By Sandra Foster (nee Hagon) (11/02/2015)

Thank you for your comments Sandra. I do remember the names of the people you mentioned. I left in 1964 when they were still in West Street but yes they did at some point move to New England House where I used to visit to catch up with old friends in the art studio. By the way, Leo Sayer worked in one of the departments at one point as I remember - perhaps someone remembers  this?

By Chris Kisko (13/02/2015)

Hi Chris, I certainly do remember Leo Sayer as I worked directly behind him as a paste-up artist in Machinery's Studio. His real name was Gerry Sayer and we became good friends both being interested in music. He used to come back to my house and have meals sometimes, as in those days he often looked in need!  He spent a lot of times dreaming and looking out of the window, and when I moved away up north he sent me a card saying 'just on the verge of things' which I still have to this day. It always makes me think of what he must have been dreaming of!!  as very soon after that I saw him on television at the start of his destined fame.

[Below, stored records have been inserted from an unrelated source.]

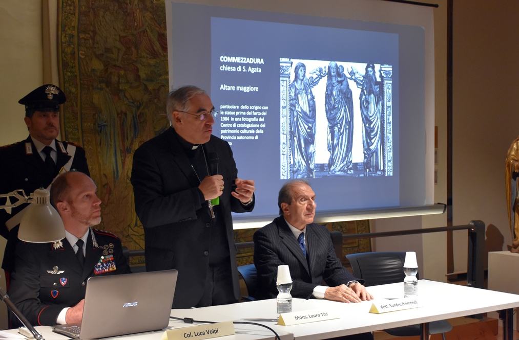 I carabinieri del Comando tutela patrimonio culturale (Tpc) di Udine hanno restituito all’Arcidiocesi di Trento una statua lignea policroma del XV secolo raffigurante S.Agata, realizzata dallo scultore altoatesino Hans Klocker, rubata dall’omonima chiesa di Commezzadura nel luglio del 1984. Nella mattinata di venerdì 14 dicembre l’opera è stata consegnata all’arcivescovo Lauro Tisi al Museo Diocesano Tridentino.
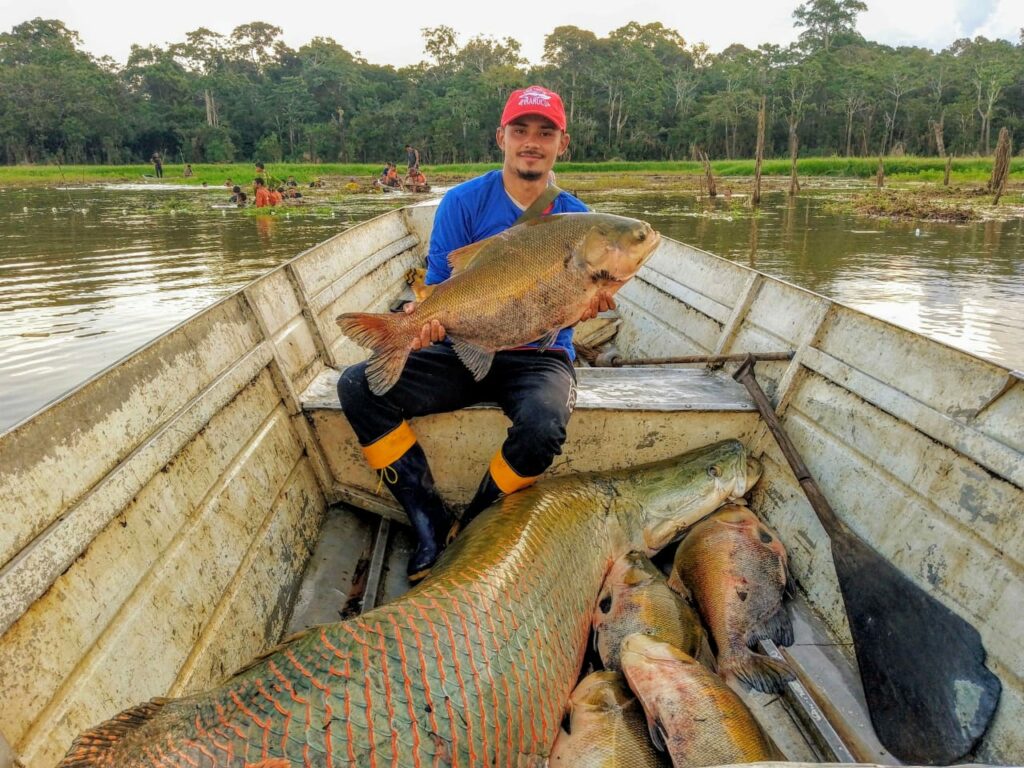 Morador da comunidade de Tabuleiro, na Reserva de Desenvolvimento Sustentável (RDS) Uacari, no Território do Médio Juruá, município de Carauari, o jovem Jean Silva se interessou pela vaga e foi um dos selecionados. Ele conta que participou desde o início do processo de contagem dos peixes, nos rios e lagos, até chegar a captura, quando é colocado um lacre do Ibama para identificar o animal e suas características como peso, sexo, comprimento, horário de abate, entre outras informações. Em seguida, vem a etapa de evisceração (retirada das vísceras) e o pescado segue para câmaras frigoríficas até o município de Carauari – onde, ao ser beneficiado e embalado, o produto recebe um QR Code que direciona o consumidor a uma página informativa sobre o manejo e a origem. A capacitação profissional e a remuneração são destacadas pelo jovem como os grandes chamarizes do projeto.
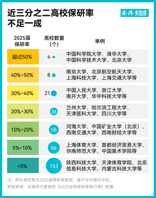 而从2025届的保研率数据看,除了清华、北大等少数名校的推免比例超过50%,多数“双一流”高校的保研率不超过30%,其余非“双一流”高校的保研率绝大多数是在10%甚至5%以下。
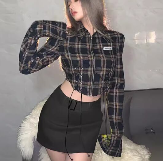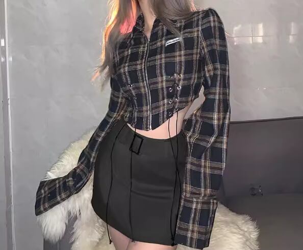 レディース トップス シャツ ショート クロップド丈 長袖 襟付き ポロカラー ファスナー 前開き 編み上げ レースアップ かわいい 大人可愛い カジュアル おしゃれ かっこいい こなれ感 ボーイッシュ 個性的 クール 存在感 抜け感 ラグジュアリー セクシー ハンサム シック 高級感 チェック 春 10代 20代 学生 デート お出かけ 普段使い 着回し トレンド 流行 S M L XL 大きいサイズ ブラック

By Tony Stevens (18/02/2015)

Hi Chris, regarding Leo Sayer.  I believe he lived on a houseboat in Shoreham.  He has now become an Australian citizen, where I have lived for the last 34 years.  He still performs over here, and I still cry when I hear his song  "When I Need You", especially, as my husband of 46 years (also a Brighton boy) recently passed away.  Regards

By Sandra Foster (20/02/2015)

See more on Leo and also his comments on the 'Wykeham Terrace' entry on this site.

By Stefan Bremner-Morris (23/02/2015)

Leo Sayer lived in a house in the grounds of Southlands Hospital, Shoreham, as his father was the hospital engineer.

By Diane (24/02/2015)

I am trying to confirm the architect of National House. The foundation stone refers to 'H.E. Mendelsohn', but I was told that this is because the stone mason was told that his name was Herr Eric Mendelsohn. If true, the building was designed by the same architect as the De La Warr Pavilion in Bexhill and should, therefore, be listed.

By Stephen Eastman (01/09/2016)

Having researched National House at The Keep, their archive shows that the architects were Elcock & Sutcliffe 'in consultation with H E Mendelssohn of 10 New Bond Street, London'. A 1937 telephone directory shows Heinrich Mendelssohn as 'Progress Building Ltd' at 10 New Bond Street. So, although Elcock & Sutcliffe were successful architects in the 1930s, they do not, unfortunately, have the cachet of Eric Mendelsohn.